Innovative solar model can help all Minnesota Xcel customers save on electric bills
Solar energy intervenors submit first-of-its-kind planning tool to predict rooftop solar growth
Minneapolis, MN – The most affordable, cleanest and job-creating way for Xcel Energy to meet future electricity demand is to set higher incentives for local solar power, a group of clean energy advocates demonstrated in a legal filing at the Minnesota Public Utilities Commission (PUC) Thursday.
“For the first time, we’re showing Xcel how it can model, predict and plan for customer-owned and customer-sited clean energy,” said Will Kenworthy, Regulatory Director, Midwest, for Vote Solar. “Until now, Xcel’s modeling treated local solar as something that just happened, making it unpredictable. With our Comments today, we’re showing how Xcel can plan for local solar, and because it’s the most affordable option, we expect that more local solar will be the headline of its revised plan.”

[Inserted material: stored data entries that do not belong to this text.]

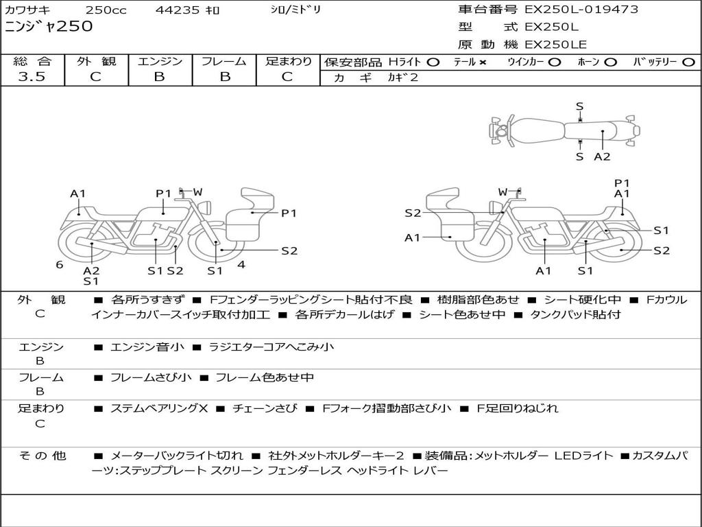 | Номер рамы / VIN | EX250L-019473 |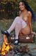 очень сексуальная девушка в белом нижнем белье, обнажается в осеннем парке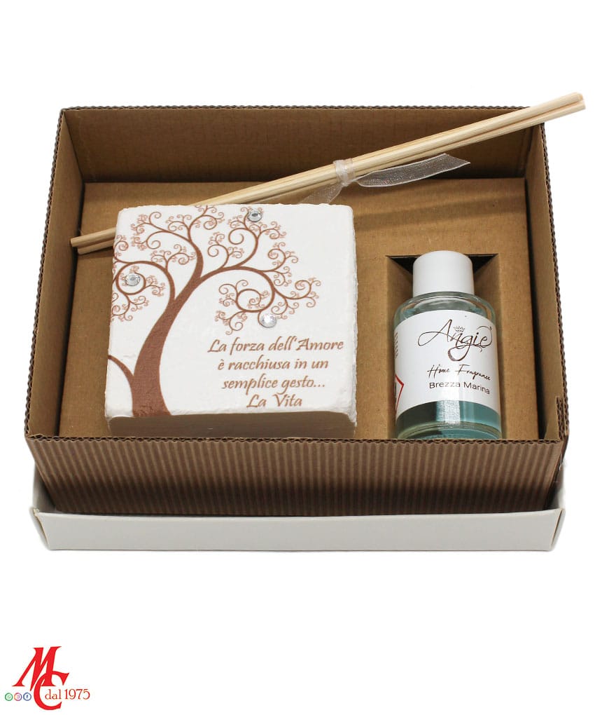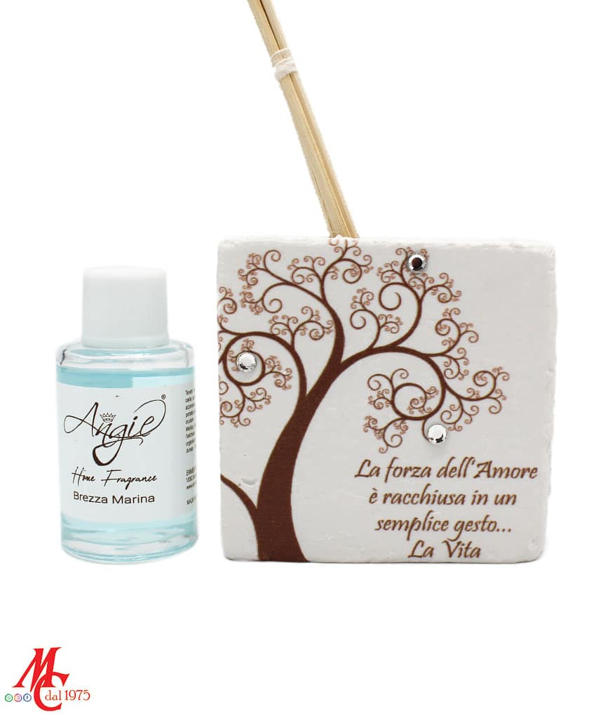 Prodotto completo con essenza profumata e bastoncini diffusori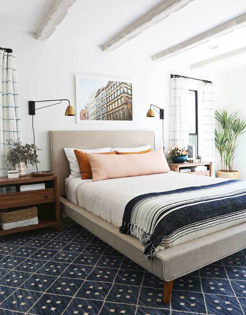 Der häufigste Fehler im Schlafzimmerdesign bringt den Teppich am Fuß des Bettes. Es ist absolut lächerlich. Wer wird es dort benutzen? Niemand kommt jemals dort aus dem Bett. Du kommst immer rein und aus dem Bett auf der Seite, also sollte der Teppich sein. Sein Hauptzweck besteht darin, Ihre Füße warm und gemütlich zu halten, damit Sie morgens nicht in den kalten Boden treten müssen. Entweder erhalten Sie einen Teppich groß genug, um das gesamte Bett und die Umgebung umzusetzen, oder erhalten Sie zwei kleine Teppiche für jede Seite.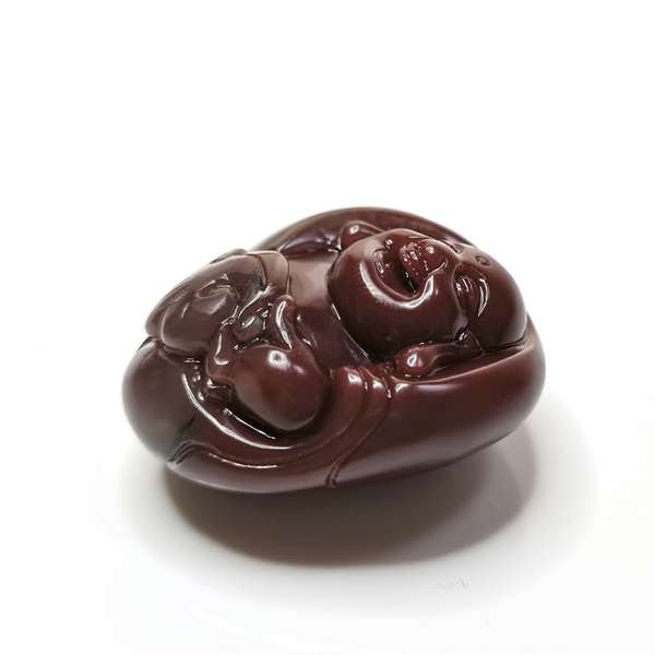 品名:紫绿玛瑙弥勒佛如意手把件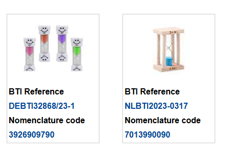 Therefore, as shown in the following EU BTI, an hour glass is generally classified under heading 3926 or 7013, depending on the material of the vessel.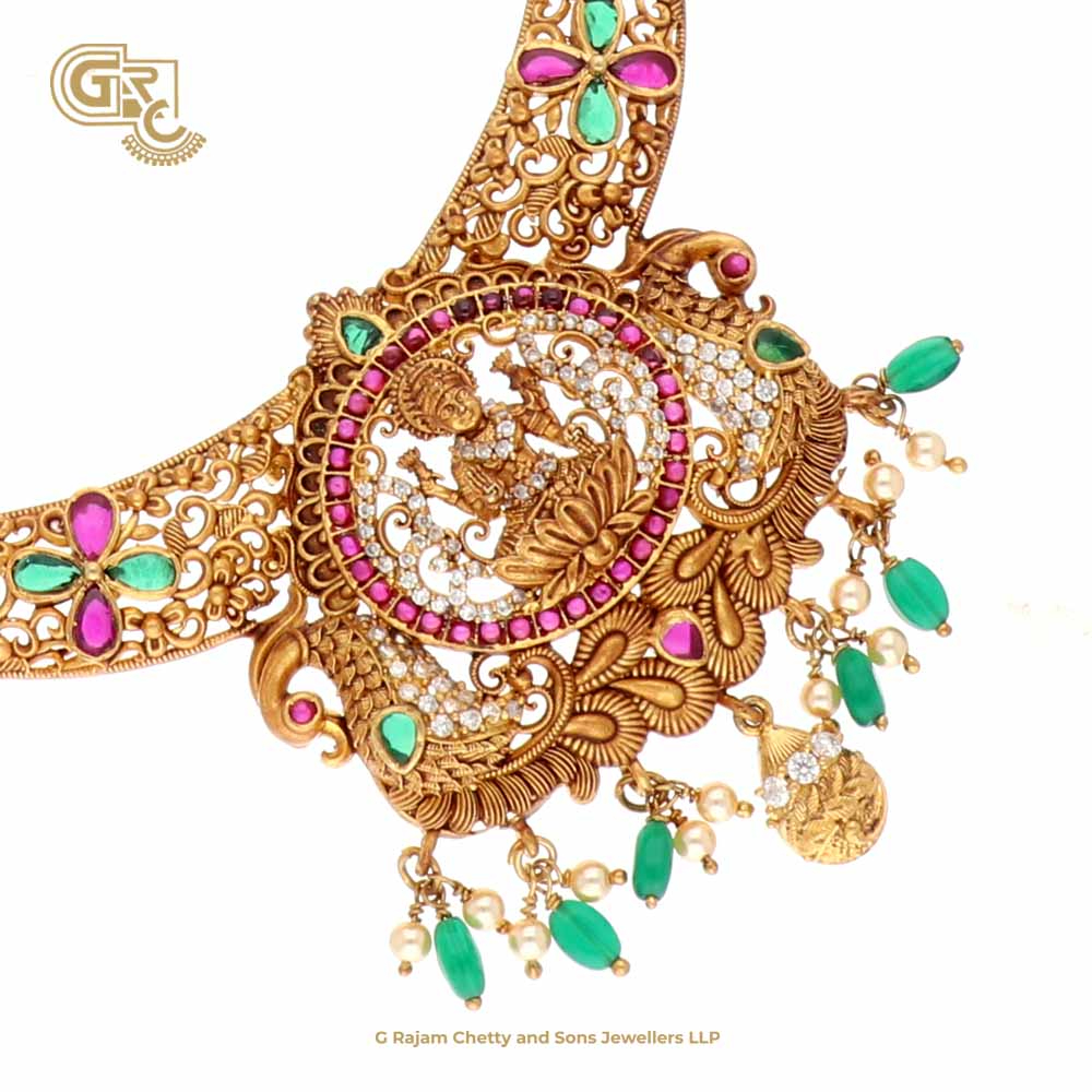 Antique Lakshmi Floral Gold Plated Haram
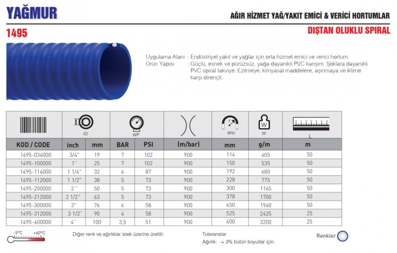 YAĞMUR AĞIR HİZMET YAĞ/YAKIT EMİCİ & VERİCİ HORTUMLAR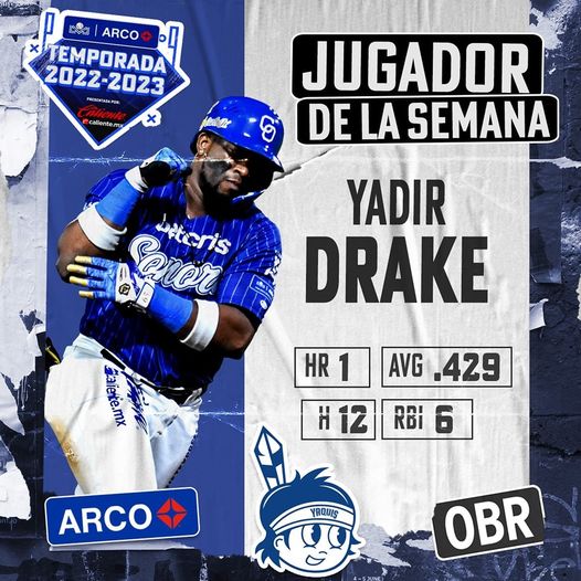 El cubano Yadir Drake fue nombrado Jugador de la Semana de la Liga Arco Mexicana del Pacífico luego de tener un brillante desempeño en la semana 3 a la ofensiva con los Yaquis de Obregón, donde fue fundamental para conseguir la primera serie como local.

The Minnesota PUC is currently considering Xcel’s 15-year energy resource development plan, known as an Integrated Resource Plan (IRP). Comments from intervening parties are due today. In their comments, the solar groups demonstrated a new, first-of-its-kind modeling tool that, if incorporated into Xcel’s process, can better predict when, where and how local solar – including rooftop and community solar projects – will develop throughout Minnesota.

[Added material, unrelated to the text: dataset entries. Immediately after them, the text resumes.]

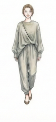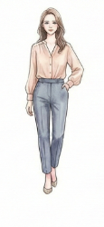 全体に柔らかさがありながら、上重心によって上品な存在感を放つタイプです。とろみ素材やブラウスをインしたスタイルがよく似合い、エレガントさを自然に演出できます。優しさと洗練が共存する骨格です。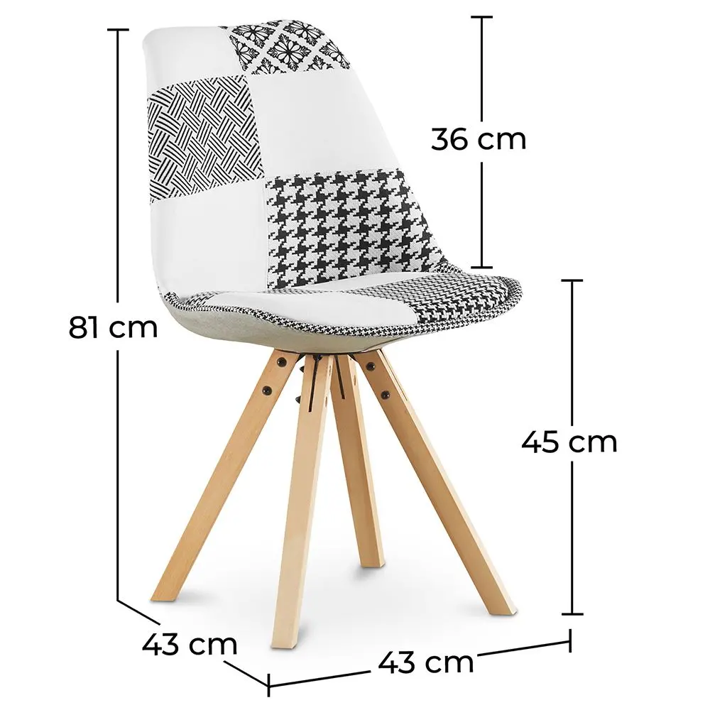 Si estás buscando una silla de comedor tapizada con un diseño diferente y de calidad, esta silla nórdica es una buena elección. Se trata de una silla fabricada con un asiento de polipropileno tapizado en tela patchwork en tonos blanco y negro. Costa de un cojín fijado a la estructura que mejora su comodidad. Las patas de esta silla de diseño son de madera maciza de haya, son robustas y estables, y permiten soportar hastas 120kg de peso.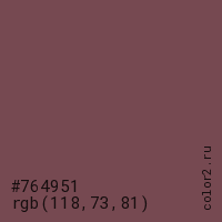 Цвет #764951 в цветовой модели RGB обозначается тремя октетами (118, 73, 81) в десятичном формате и #764951 в шестнадцатиричном (hex) формате, которые являются интенсивностью красного 118 (hex 76), интенсивность зелёного 73 (hex 49) и интенсивность синего 81 (hex 51).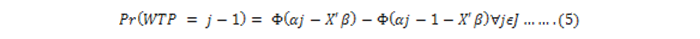 Willingness to pay (WTP) is a multiple response variable that has inherent order or rank so the ordered probit model is appropriate which can be expressed as: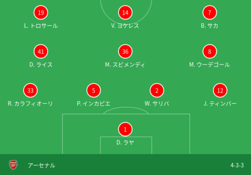中盤はアンカーにスビメンディ、その前にライス、ウーデゴール。前線は右にサカ、左にトロサール、トップにはヨケレスが入った。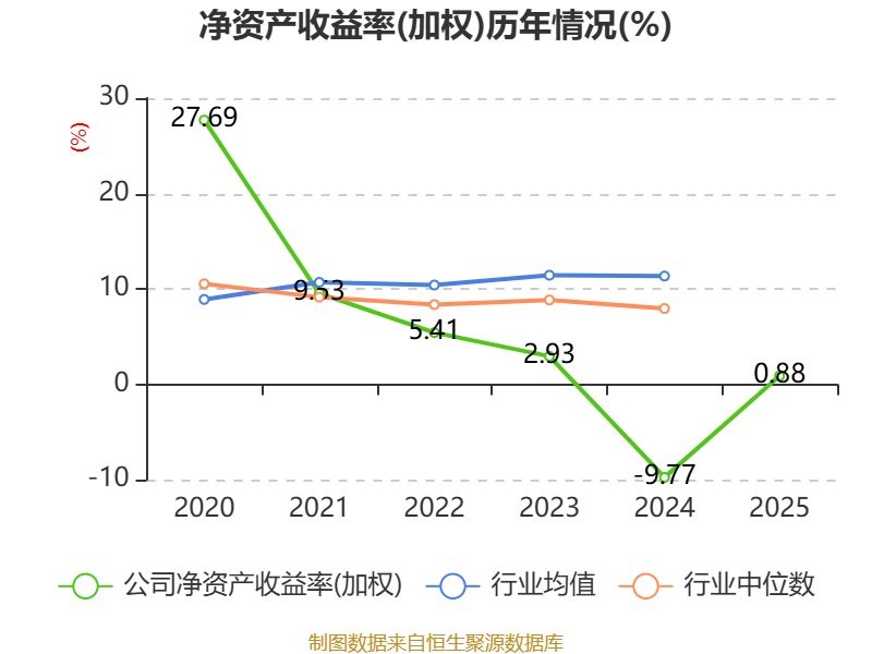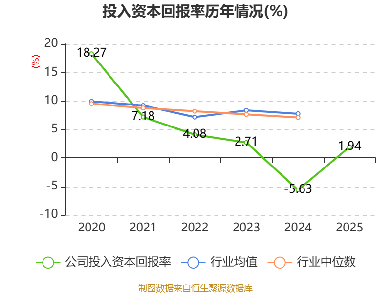 数据显示,2025年公司加权平均净资产收益率为0.88%,较上年同期上升10.65个百分点。公司2025年投入资本回报率为1.94%,较上年同期上升7.57个百分点。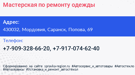 Мастерская по ремонту одежды по адресу 430032, Мордовия, Саранск, Попова, 69 в дальнейшем Организация, размещена в следующих категориях:

“Xcel Energy’s original distributed solar forecast was proprietary bupkis, so we made a public solar model that makes sense,” John Farrell, Co-Director at the Institute for Local Self-Reliance.
Solar advocates based the modeling on a peer-reviewed paper released in December 2019 in Renewable Energy that demonstrates the predictable, causal relationship between different incentive programs and values on local solar projects. For example, with a $722 additional rebate from Xcel on an average sized system, the model predicts 60 MW of customer-sited distributed generation. With this specific, modelable knowledge, Xcel can now incorporate local solar and solar incentive programs into its IRP — reducing customer bills, protecting clean air and creating more local jobs.
“Xcel continues to dismiss community and distributed solar as key tools for bringing the benefits of clean energy to folks who might not otherwise be able to afford it”, said Patty O’Keefe, an Organizing Representative working with the Sierra Club’s Beyond Coal Campaign. “Sierra Club’s cost-effective Clean Energy for All plan saves customers over $2 billion by avoiding a risky new fossil gas plant and instead building out renewable energy and storage – including twice the level of community solar as Xcel’s plan and calls for seven times more distributed solar generation.”
The advocates developed the concept of modeling future local solar generation and then worked closely with the Sierra Club and its modeling team to incorporate local solar resources into their alternative to Xcel’s Preferred Plan: the Clean Energy for All Plan.
“Our modeling shows that an efficient use of customer-owned solar can help thousands of low-income Minnesota families take control of their electric bills and save,” said Timothy DenHerder-Thomas, General Manager of Cooperative Energy Futures. “Xcel’s resource plan must address the underlying inequities in our current energy system, and customer-owned local solar can help.”
In Minnesota and across the country the lowest-income families are also those with the highest energy burden, meaning that they pay the highest percentage of their income toward their electricity bill. Compared to utility owned resources, local solar makes it easier to ensure that income-qualified or other targeted groups can save on their electric bills. With specific policies and programs from Xcel, future energy resources can meet Minnesota’s needs while ensuring that those who have been previously harmed, excluded or burdened by our electric grid now receive targeted savings, and even local clean energy jobs.
These Comments are submitted by the Distributed Solar Parties (DSP), which consists of Vote Solar, the Institute for Local Self Reliance (ILSR), and Cooperative Energy Futures, all represented by Earthjustice, and the Environmental Law & Policy Center, which is representing itself.